Лошади не могут понять, почему люди бегут со своей родины.
И Свифт-Гулливер с огромной горечью рассказывает, как людей гонят с родины нищета и преступления.
Одни бегут потому, что разорены бесконечными тяжбами, другие потому, что промотали свое имущество, третьи — благодаря пьянству, разврату и азартной игре.
Многие обвиняются в измене, в убийствах, в воровстве, отравлении, грабеже, клятвопреступлениях; подлоге, чеканке фальшивой монеты, изнасиловании, дезертирстве и переходе на сторону неприятеля.

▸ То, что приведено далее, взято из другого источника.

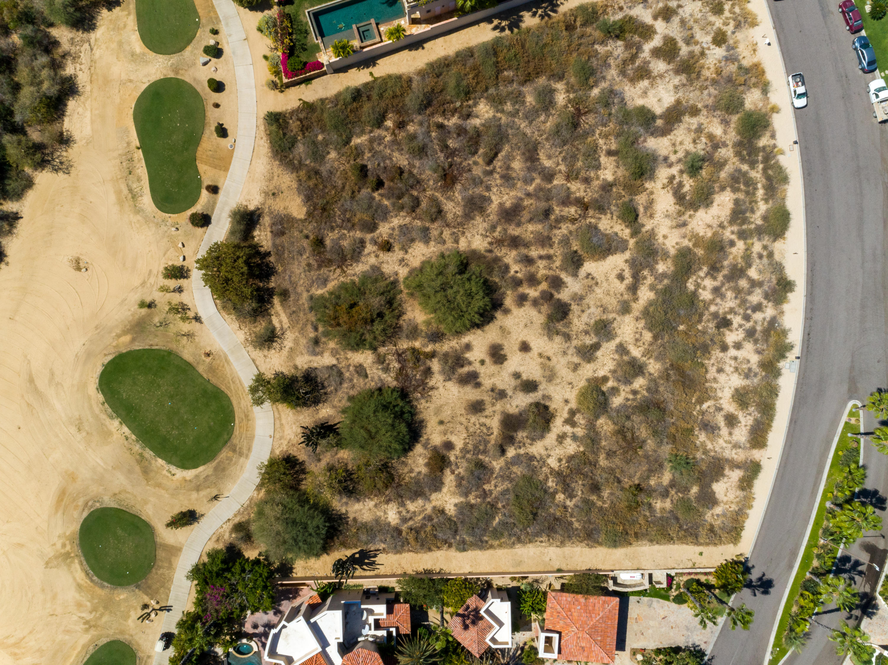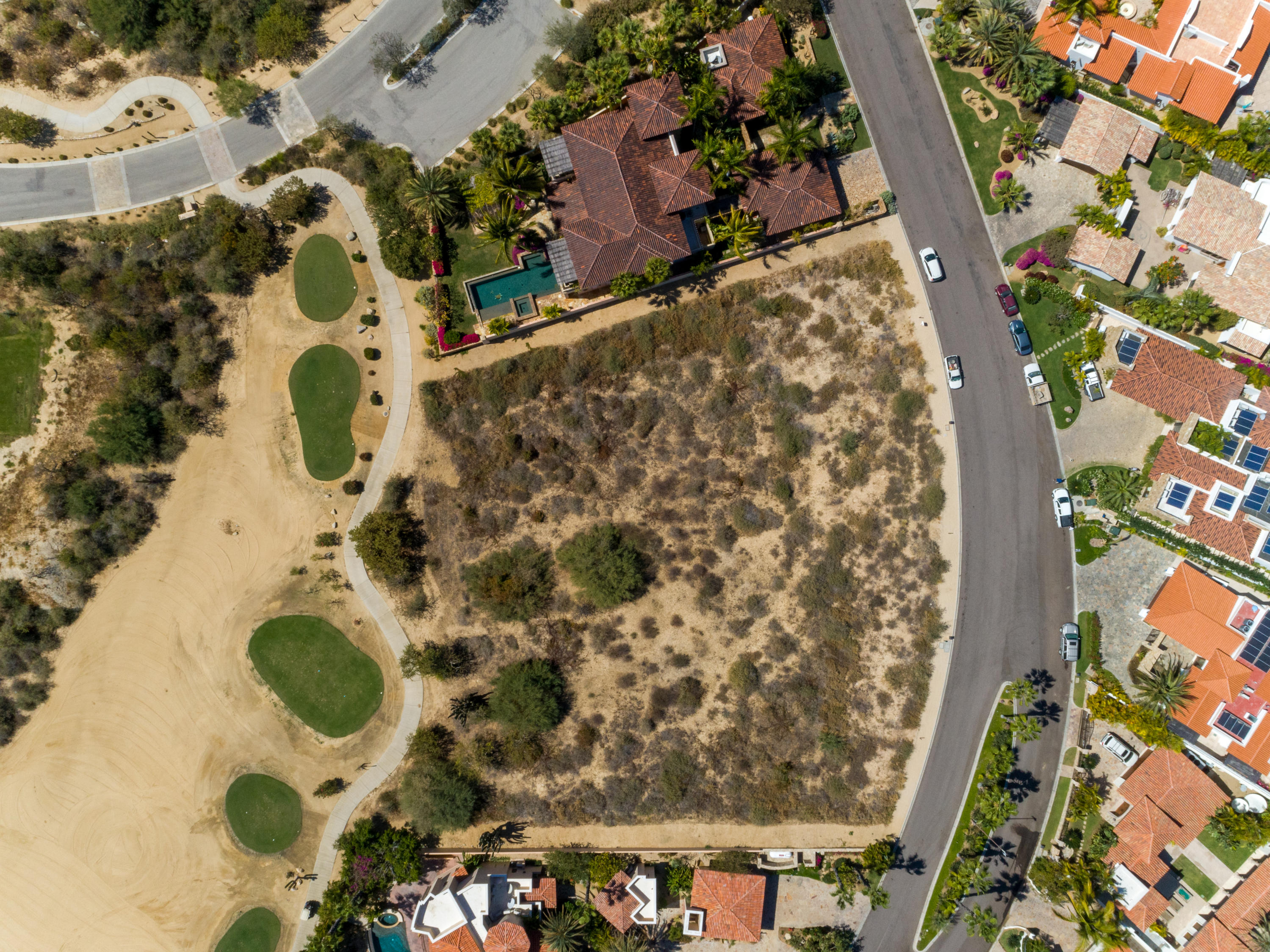 Flat lot located off tee box, great views and easy to build.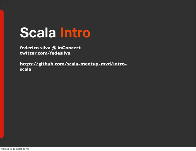 el sistema como queramos • El type system es poderoso y en general no se mete en el camino • Sintaxis flexible: Crea tu propio lenguaje viernes 18 de enero de 13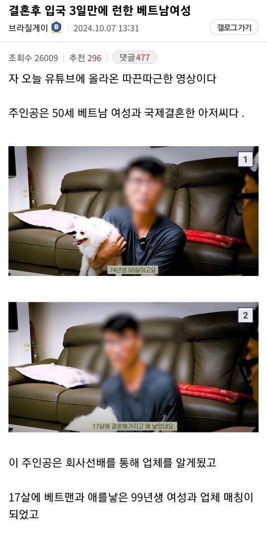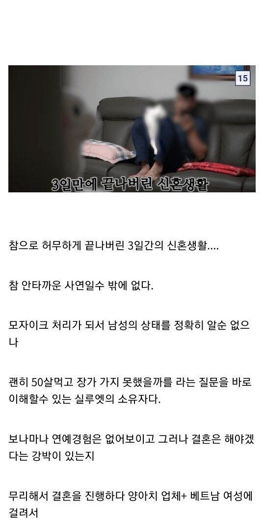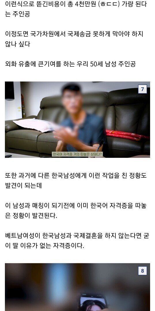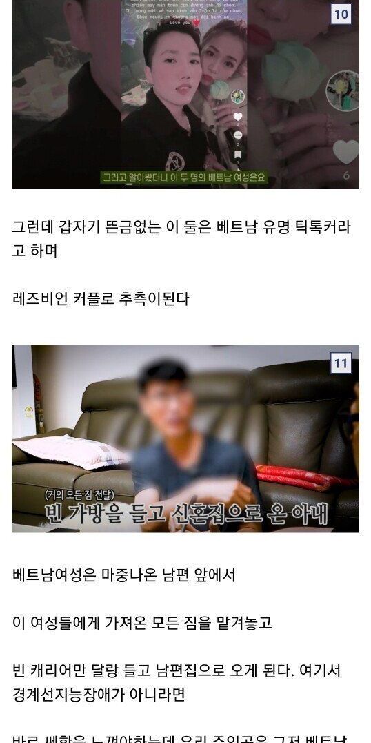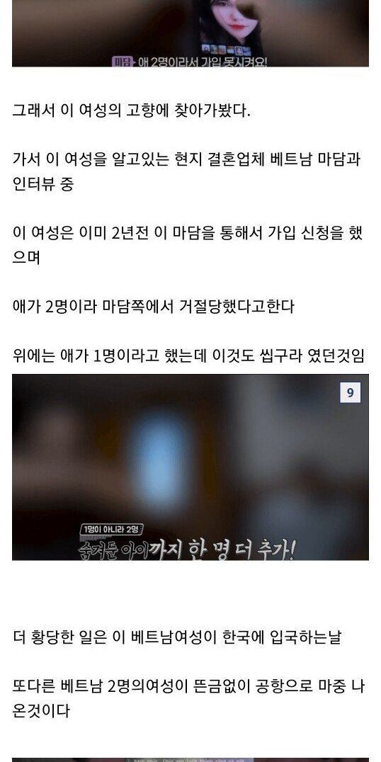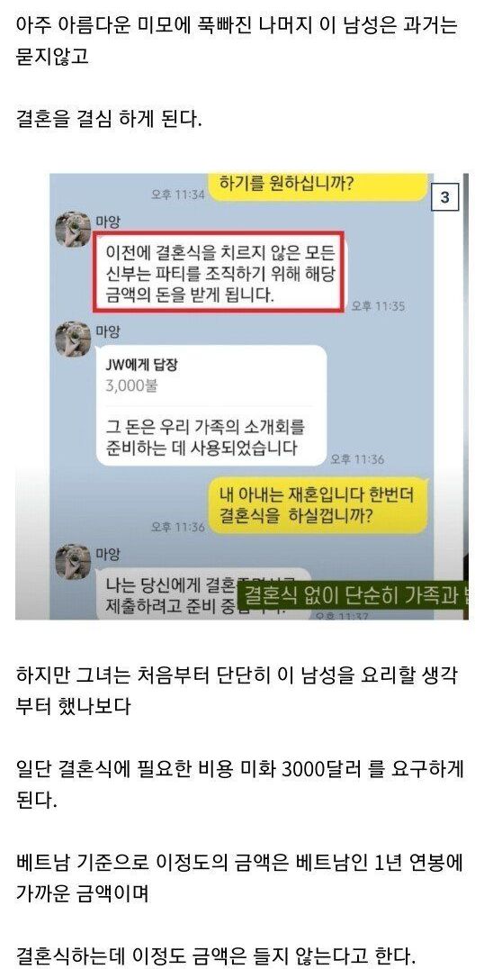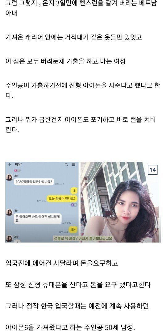 결혼 전 1천만원 추가 요구 -> 결혼 후 700만원 추가 요구 -> 입국하자마자 3일만에 도망감 -> 알고보니 애 두명 있음 -> 거기다 레즈비언이었음

Они не отваживаются вернуться на родину из страха быть повешенными или сгнить в заточении и потому вынуждены искать средств к существованию в чужих краях.

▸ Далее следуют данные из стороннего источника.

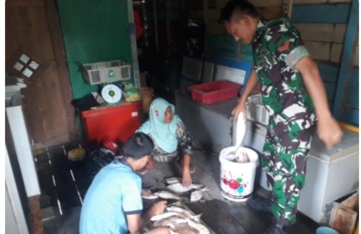 Babinsa Koramil 08/Pulau Laut, Koptu Sittong Purba, saat melakukan komsos dengan pengepul ikan di Kecamatan Pulau Laut, Selasa (03/09/2024) siang.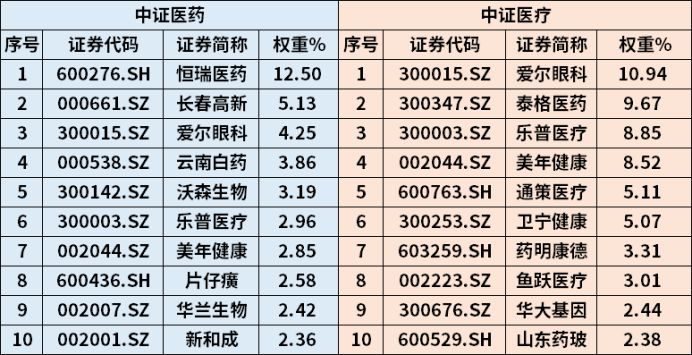 从编制的角度看中证医药是从中证800指数中挑选医药卫生行业的股票为成份股,而中证医疗是从全市场选取与医疗器械、医疗服务等与医疗行业相关的股票为成份股。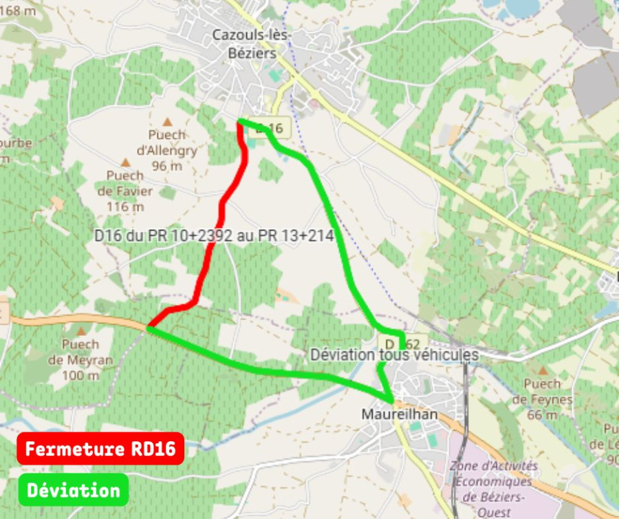 La route départementale RD16 entre les communes de Cazouls-lès-Béziers et de Puisserguier sera fermée du mercredi 19 novembre au samedi 22 novembre inclus, de 20 h 30 à 05 h 00.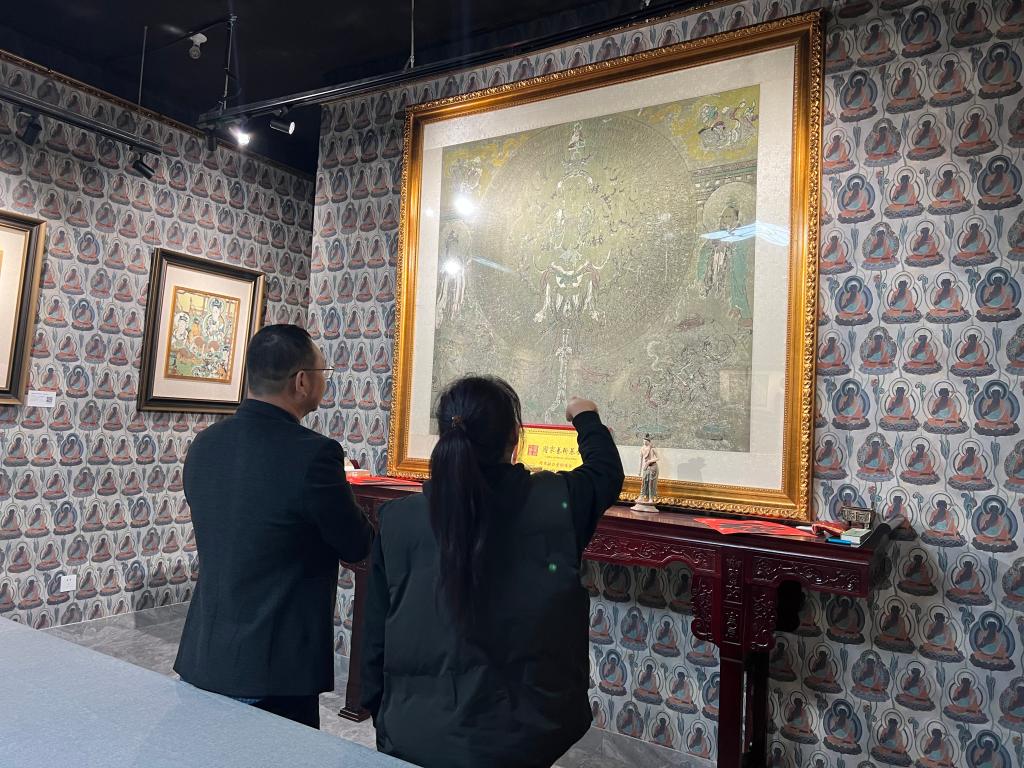 张总代表公司对杨文生主任一行来访表示热烈欢迎,她介绍龙博天空科技有限公司是由北京京西时代科技有限公司、北京李东方文化艺术中心、北京市云知博职业技能培训公司共同组建,以区块链技术深入保护和发展中华文明基因库的WEB3.0科技公司,公司以“传承中华文明基因,扩大中华文化影响”为愿景,聚焦文化IP数字资产评估、IP数字化标准和体系的探索,在文物数字化、李东方珂罗版非遗技艺、流动敦煌IP、元宇宙、文创产品研发、大学生创新创业、现代职业教育培训等方面取得的成就。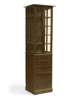 of tall square section, the projecting cornice above astragal-glazed sides with twin doors, enclosing glass shelves for cakes, the base with cupboard doors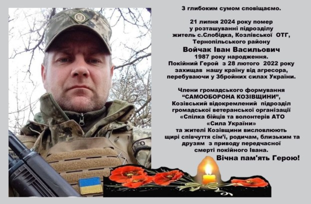 – На жаль, війна забрала від нас ще одного захисника і мужнього воїна, жителя с. Слобідка Івана Васильовича Войчака. Раптово перестало битися серце. Покійний Герой з 28 лютого 2022 р. захищав нашу країну від агресора. Смерть Героя – непоправна втрата для нашої громади та України. Козлівська громада висловлює співчуття, спільно розділяючи біль втрати, з рідними та близькими захисника, – йдеться в повідомленні голови Козлівської громади Володимира Колісника.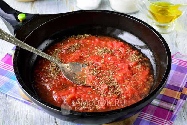 Пока тесто расстаивается, приготовьте соус и начинку. Влейте немного оливкового масла на сковороду, добавьте томатное пюре и прованские травы. Уваривайте соус 7-8 минут на небольшом огне. Соус можете слегка посолить и поперчить по вкусу. Если томатное пюре с кислинкой, добавьте немного сахара, чтобы отрегулировать вкус.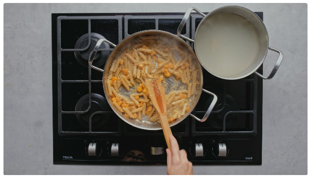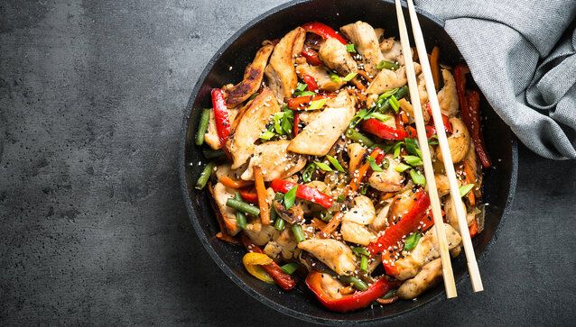 Насолоджуйтеся перевагами приготування в сковороді воке завдяки спеціальному адаптеру для цього типу сковороди (опція). Приготування таким чином дозволяє зберегти найважливіші мікроелементи та повноцінний смак, використовуючи лише невелику кількість олії.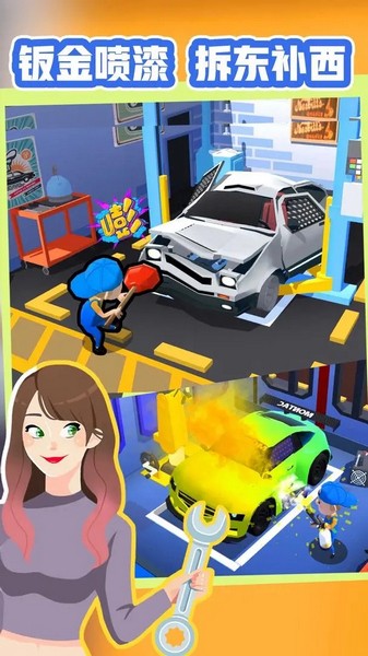 你要在画面中打造独家汽车修理厂,使得游戏中的效率能不断的提高,玩家要在游戏的模拟玩法下真实的感受维修带来的乐趣,你要提供合理的方式和操作在画面中获得更多的收益。

Гулливеру понадобилось много дней, — прежде чем лошади научились понимать его. Они были в полном недоумении, что может побуждать людей к совершению подобных преступлений…
Гулливер потратил много усилий, чтобы дать им хотя бы некоторое представление о свойственной людям ненасытной жажде власти, об ужасных последствиях сластолюбия, невоздержанности, злобы и зависти.
Это было особенно трудно, потому что власть, правительство, война, закон, наказание и тысяча подобных понятий не имели соответствующих терминов на языке лошадей-гуигнгмов…
После его объяснений лошади поднимали глаза к небу, «как это делаем мы, когда наше воображение бывает поражено чем-нибудь никогда не виденным и не слыханным».
Дальше Свифт дает более или менее ясные объяснения причин войн, тоже совершенно непонятных лошадям.
Здесь почти ничего еще не устарело. Писателю, писавшему два с четвертью века тому назад, можно было бы простить и менее Точные объяснения возникновения войн и неправильное их истолкование. Умы более государственные, нежели Свифт, объясняли возникновение войн и их развитие вкривь и вкось.
Но, повторяем, в объяснениях Свифта поражает, помимо глубокой правдивости, умение видеть явления в их неприкрашенном виде, отметить ложь и маскировку.
Все виды провокации, хитросплетений, хищнических интересов, разбоя и подлости правящих классов перечислены им кратко и правдиво, и многие из его положений могут служить справочником для международных отношений высокопросвещенных капиталистических стран и в наше время.
Гулливер объяснял лошади, что иногда один государь нападает на другого из страха, как бы тот — не напал на него первый, иногда война начинается потому, что неприятель силен, а иногда, наоборот, потому, что он слишком слаб. Нередко у наших соседей нет того, что есть у нас, или же есть то, чего нет у нас. Тогда дерутся до тех пор, пока не раззорят совсем своего противника.
Вполне извинительным считается нападение на страну, если население ее изнурено голодом, истреблено чумою или обессилено внутренними раздорами. Точно так же признается справедливой война с самым близким союзником, если какой-нибудь его город расположен удобно для того, чтобы его захватить, или кусок его территории может округлить и завершить владение.
Если какой-нибудь монарх посылает свои войска в страну, население которой бедно и невежественно, то половину его он может самым законным образом истребить, а другую половину обратить в рабство, чтобы вывести народ из варварства и приобщить к благам цивилизации.
Весьма распространен также следующий очень царственный и благородный образ действий: государь, приглашенный соседом помочь ему против вторгшегося в его пределы неприятеля, по благополучном изгнании последнего захватывает владения союзника, на помощь которому пришел.
Свифт не минует и государств, не способных вести войну самостоятельно и отдающихся в наем богатым государствам за определенную плату.
Обобщая явления, суммируя их, Свифт обрушивается на всякую войну и всякий закон и с особой яростью набрасывается на то, что ему более всего ненавистно — на тех, кто, по его мнению, больше всего поддерживает социальную неправду: на адвокатов, на судей.
С глубочайшим знанием всех их уловок он бьет по их профессиональной закоренелой лживости и по неслыханной подлости продажного слова. Он разоблачает суд, всю его систему обмана.
Гулливер не может не говорить об открытой классовой эксплуатации.
«Я оказал, что богатые пожинают плоды работы бедных, которых приходится по тысяче на одного богача, и что громадное большинство нашего народа вынуждено влачить жалкое существование, работая изо дня в день за скудную плату, чтобы меньшинство наслаждалось всеми благами жизни. Я подробно остановился на этом вопросе и разных связанных с ним частностях, но его милость плохо схватывал мою мысль, ибо он исходил из положения, что все животные имеют право на свою долю земных плодов, особенно те, которые господствуют над остальными».